“With his pull, he’ll have the best protection. O.K. I shook Branco’s hand. Now what?”
“Right hand?”
“Of course.”
“Notice anything about it?”
Warren thought a moment. “Yeah. He’s got a couple of weird calluses on his fingers.”
“You’re sure?”
“Yeah, I’m sure. Inside his index and middle fingers. Nearly an inch long.”
“That’s what I noticed the other night in Little Italy. Sort of recalled them the first time we shook hands.

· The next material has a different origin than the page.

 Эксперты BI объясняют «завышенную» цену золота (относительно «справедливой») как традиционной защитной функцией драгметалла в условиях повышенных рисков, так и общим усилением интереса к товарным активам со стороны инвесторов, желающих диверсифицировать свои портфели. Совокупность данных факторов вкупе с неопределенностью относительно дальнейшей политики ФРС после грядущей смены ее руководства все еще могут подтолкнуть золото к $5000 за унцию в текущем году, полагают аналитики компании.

What do you suppose they’re from?”
Harry Warren shrugged. “You tell me.”
Isaac Bell took out his pocket knife. “Watch my fingers.”
“I’m watching.”
He opened the blade. “These fingers, index and middle.”

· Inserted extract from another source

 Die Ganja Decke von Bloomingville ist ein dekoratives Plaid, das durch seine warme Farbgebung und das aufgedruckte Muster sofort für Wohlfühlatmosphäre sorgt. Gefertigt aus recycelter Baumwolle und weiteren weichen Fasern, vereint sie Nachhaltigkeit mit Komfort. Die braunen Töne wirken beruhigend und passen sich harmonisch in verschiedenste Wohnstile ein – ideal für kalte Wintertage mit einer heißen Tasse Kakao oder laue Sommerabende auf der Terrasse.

Harry’s eyes gleamed. “From opening it again and again and again.”
“Practice.”
“Cute way around the weapon laws.”
“Branco told me about them. Though he left out the practicing.”
Warren stared. “Wait a minute. Wrong hand. That’s your left hand pulling the blade. I shook his right hand.”
“He’s left-handed. I saw him catch an orange that went flying. Snapped it out of the air faster than a rattlesnake.” Bell folded his knife closed, then opened it again. “Of course, no matter how fast you whip it out, you still only have a short blad
e.”
“Not necessarily,” said Harry Warren. “I’ve seen Sicilian pen knives with handles so thin, you could shove it into the slit the blade makes.”
“A legal stiletto?”
“Until you stick it in somebody.”
His friends at Tammany Hall took over Tony Pastor’s vaudeville house for Brandon Finn’s wake.
Isaac Bell brought Helen Mills with him. “Keep your eyes peeled for Brewster Claypool. Question is, is he next? Assuming Finn was at the top link of a chain down to ‘Kid Kelly’ Ghiottone, did Finn get his orders from Claypool?”
Bell’s theory that doorkeepers and floor managers did not question the presence of a man with a good-looking young girl on his arm proved correct and they mingled in the crush of politicians, cops, contractors, priests, and swells, eavesdropping and asking questions carefully.
Two things were obvious: Brandon Finn had been loved. And the rumors that he may have been murdered baffled his friends. Who, Bell heard asked again and again, would want to hurt him?
As the drinking went on, tongues loosened and—as at any good wake for a loved man—tales of Finn’s exploits began to spawn heartfelt laughter that rippled and rolled around the theater. Helen, who had a gift for getting men to talk, reported twice to Bell that Finn—dubbed admiringly as the “last of the big spenders”—had been spending even more freely than usual the night before he died.
Bell himself heard the phrase “came into big money” several times.
He speculated that the money had come from outside the Tammany chain, which would pay him in patronage rather than cash. He told Helen that an outsider had tapped Finn to send a request down the line to “Kid Kelly.”
“What,” she asked, “did he want from Ghiottone?”